Таким образом, объектом нашего исследования был выбран роман Б. Акунина «Турецкий гамбит». Предмет исследования -- нарративная организации теста романа.

Цель настоящей работы -- описать нарративные особенности детективного романа на примере «Турецкого гамбита» Б. Акунина. В соответствии с целью, были поставлены следующие задачи:

· Описать нарратологический подход к тексту и определить необходимый понятийный аппарат и категории будущего анализа;

· Описать нарративные особенности структуры классического детектива;

· Описать нарративные особенности структуры романа «Турецкий гамбит», сопоставить их с классическим детективом.

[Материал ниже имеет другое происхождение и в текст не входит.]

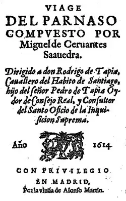His sonnets include Al Túmulo del Rey Felipe en Sevilla, Canto de Calíope and Epístola a Mateo Vázquez. Viaje del Parnaso, or Journey to Parnassus, is his most ambitious verse work, an allegory that consists largely of reviews of contemporary poets.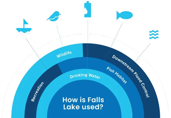 Falls Lake Reservoir was constructed in the late 1970s. The lake was filled in the early 1980s. Water quality studies predicted the lake would be eutrophic (producing too much algae). Algal growth today is below originally predicted levels.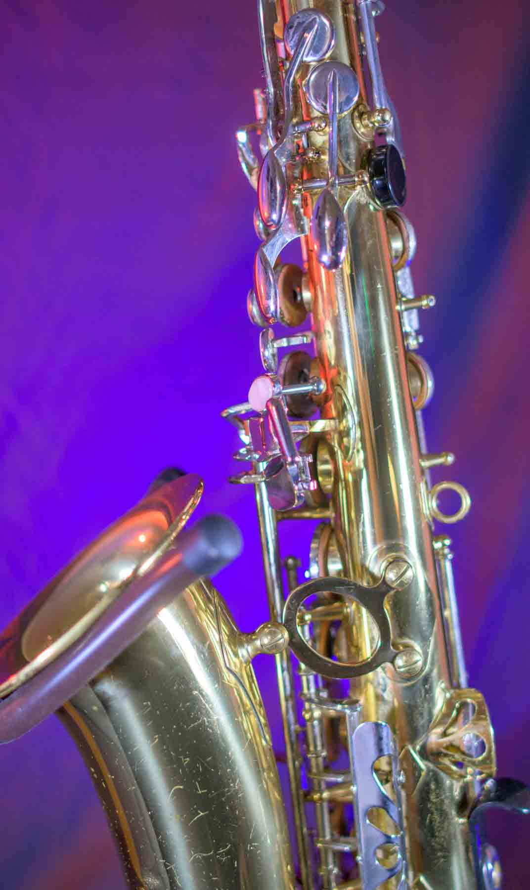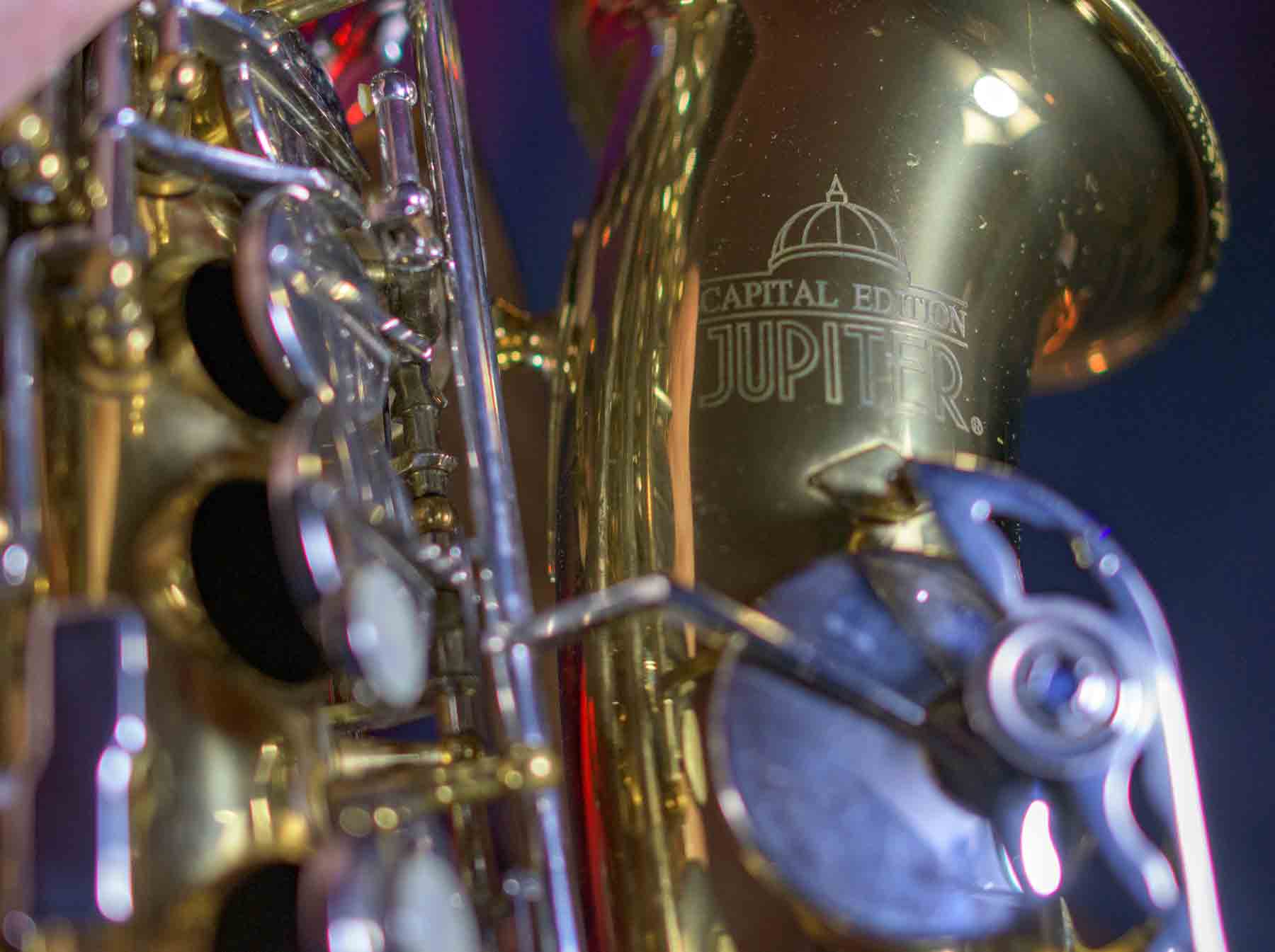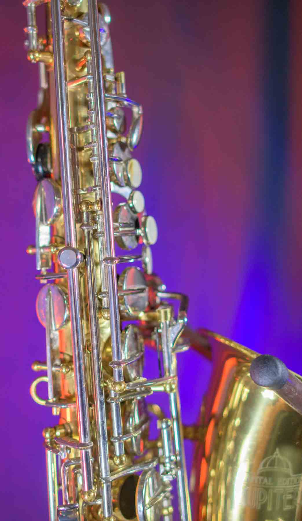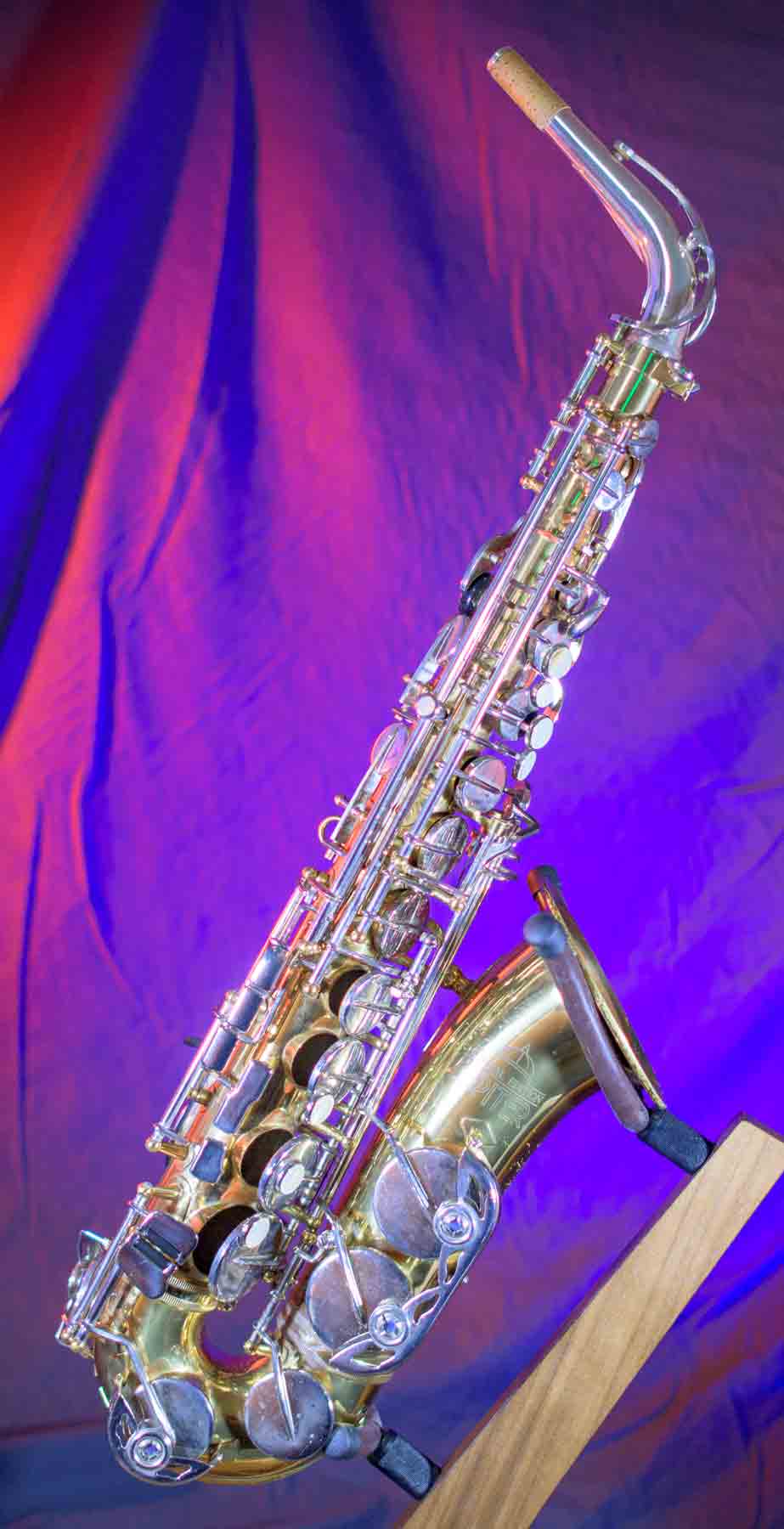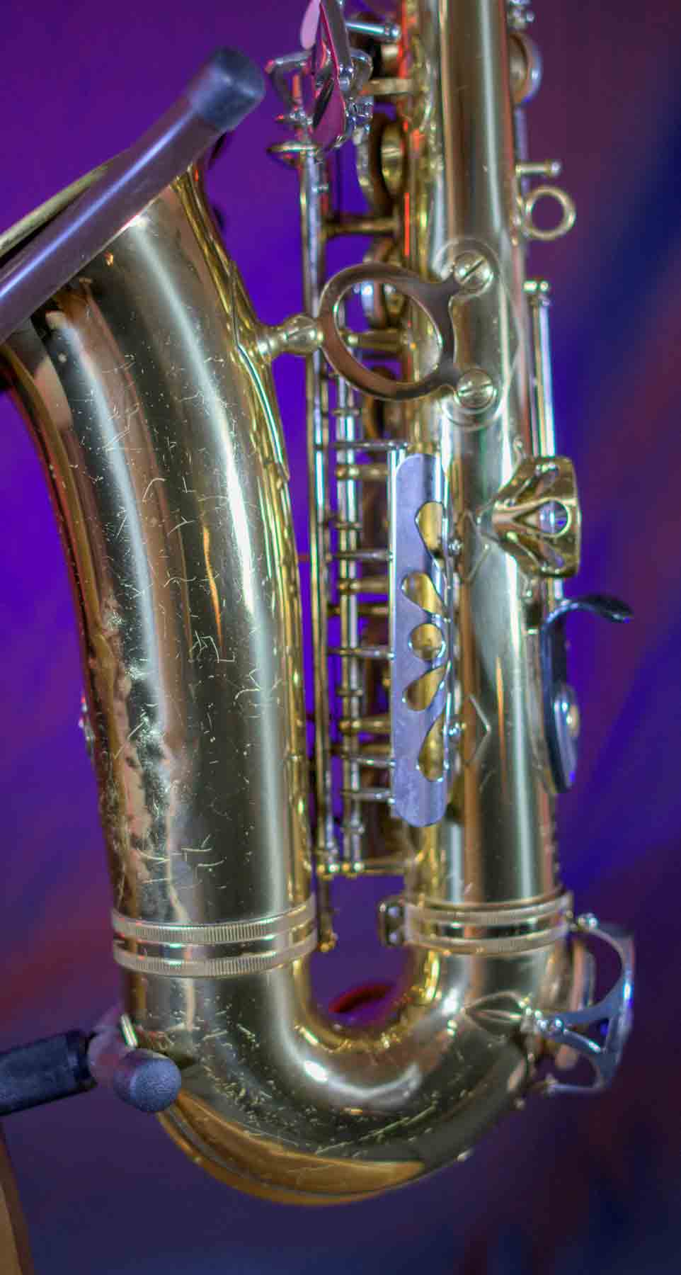 The Capital Edition by Jupiter is a very well respected saxophone. They have a solid sterling silver neck which aids in its free blowing playablity and its warm sound. When this one came into our shop it was not in very good condition. It has a dent on the bell, several keys were bent and most of the pads were beyond use. We replaced all of the pads, cleaned and lubed the action and set up the horn and it is now ready for its first gig. We can repair almost any problem with saxophones, but we don’t do dent repair, so the dent remains (see pictures). It is purely cosmetic and is reflected it the price. This horn plays like a new horn is very hard tom put down.

Основным методом исследования был выбран комплексный анализ текста, основанный на нарратологическом подходе, описанном в монографии В. Шмида «Нарратология». По мере необходимости в работе использовался семантический анализ структурных элементов и текстологическое комментирование.

Работа состоит из трех частей, соответствующих поставленным задачам.

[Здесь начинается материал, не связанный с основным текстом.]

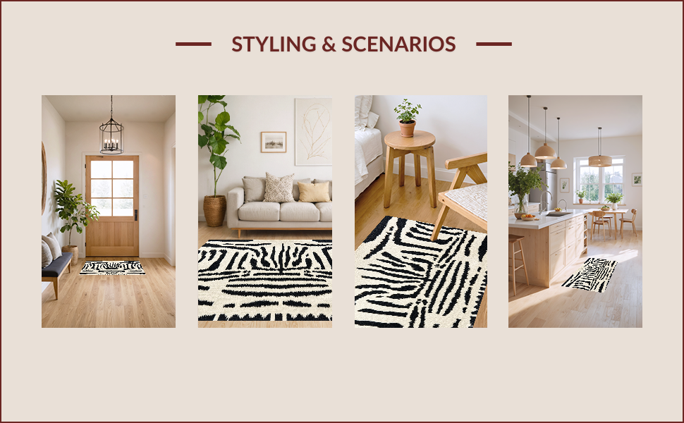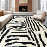 Ultra Soft Area Rug, Non Slip, Stain Resistant, Washable Area Rugs for Living Room, Bedroom, Luxury Shag Bedroom Rug Zebra Pattern Plush Easy Care(Black) Overview: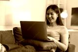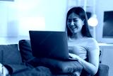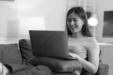 Attractive woman using laptop, mobile phone on sofa in living room relaxing, watching movie, doing research. Learning through the online world Technology and communication concepts.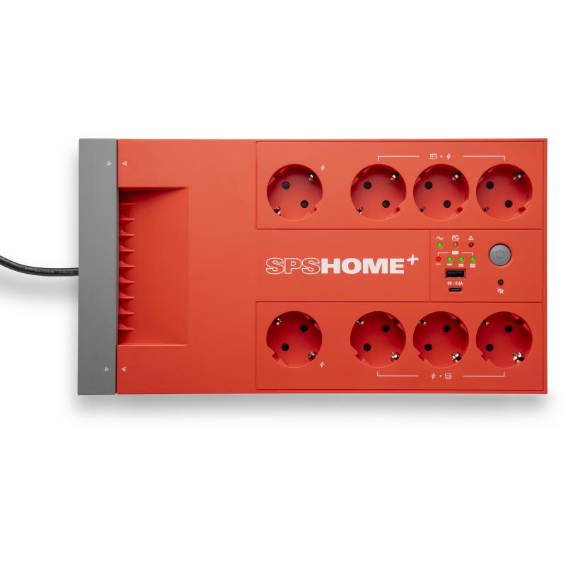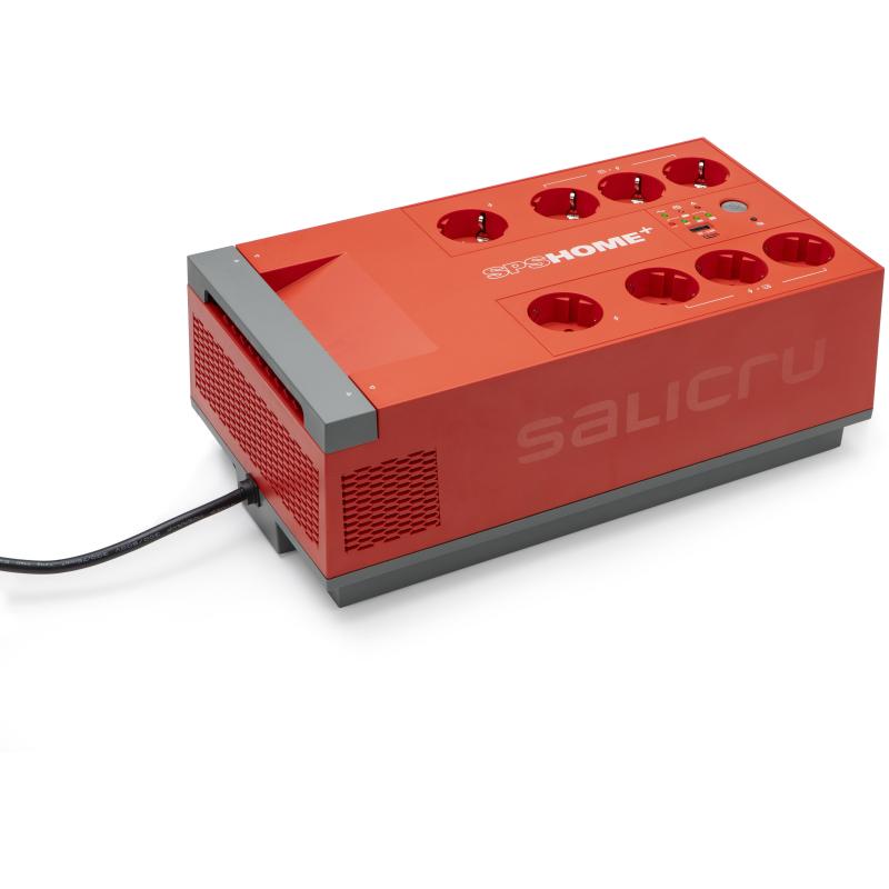 SAI Salicru SPS 850 HOME+ UPS compacto de 0,65 kVA con AVR 8 salidas AC 2 USB batería Pb-Ca y alarmas audibles. Protección fiable para tus dispositivos, color Rojo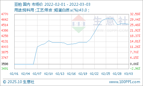 据生意社数据监测显示:3月3日,豆粕市场均价4536元/吨,现货市场价格小幅下调。春节过后豆粕价格一直大幅上涨,突破历史高位,突破4000元大关,到了3月更是来到4500元/吨。由于终端生猪价格持续下滑,豆粕价格居高不下,抑制成交,价格陆续理性回调。预测:短期内豆粕现货市场仍将窄幅整理。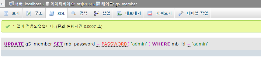 카페 24에서 제공하는 정보는 맞지 않기 때문에 위와 같은 방법으로 해결이 가능하다. 그누보드 5 기준으로 관리자 계정의 비밀번호를 변경하기 위해서는 해당 데이터베이스인 G5_member에서 SQL을 실행하여 아래와 같은 명령문을 작성해준다.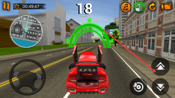 1、開局在城市的道路上,按右側(cè)的加速鍵起步,用方向盤控制方向,瞄準(zhǔn)綠色的導(dǎo)航拱門行駛。

Глава 1: описание основных нарратологических понятий: нарративность, нарратор, точка зрения, нарративная стратегия.

Глава 2: критическое рассмотрение основных подходов к организации повествования классического детектива; построение собственной схемы детективного повествования; краткая характеристика системы персонажей детективной новеллы.

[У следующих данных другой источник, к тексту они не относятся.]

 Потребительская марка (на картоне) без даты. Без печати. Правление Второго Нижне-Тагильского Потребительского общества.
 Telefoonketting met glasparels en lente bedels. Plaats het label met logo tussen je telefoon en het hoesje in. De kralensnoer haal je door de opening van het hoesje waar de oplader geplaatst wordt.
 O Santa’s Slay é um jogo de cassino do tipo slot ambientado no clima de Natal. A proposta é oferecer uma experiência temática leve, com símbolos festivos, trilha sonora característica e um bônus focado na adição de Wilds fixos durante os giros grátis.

Глава 3: анализ нарратива исследуемого романа на уровнях структуры сюжета и понимания; характеристика нарратора и персонажей; описание особенностей точки зрения в нарративе.

акунин детектив нарративность повествование

Глава 1. Нарративность и нарративная структура

В научном сообществе до сих пор существует несколько мнений о том, что можно считать нарративом, как определить нарративность того или иного текста и из каких элементов должна состоять структура нарративного текста. В нашей работе мы не преследуем цель разобраться в этих вопросах и в большей степени будем опираться на уже существующие исследования.

Для того, чтобы применить нарратологический подход к исследуемому материалу, нам кажется необходимым дать определение основных понятий, которые мы будем использовать. Нарратология -- относительно молодая наука и, как мы указывали выше, провоцирует множество дискуссий, особенно связанных с понятийным аппаратом. Для того, чтобы минимизировать возможность разночтений одного и того же термина, мы кратко опишем важные для данной работы термины и дадим уточнения, обусловленные в большей степени характером исследуемого материала.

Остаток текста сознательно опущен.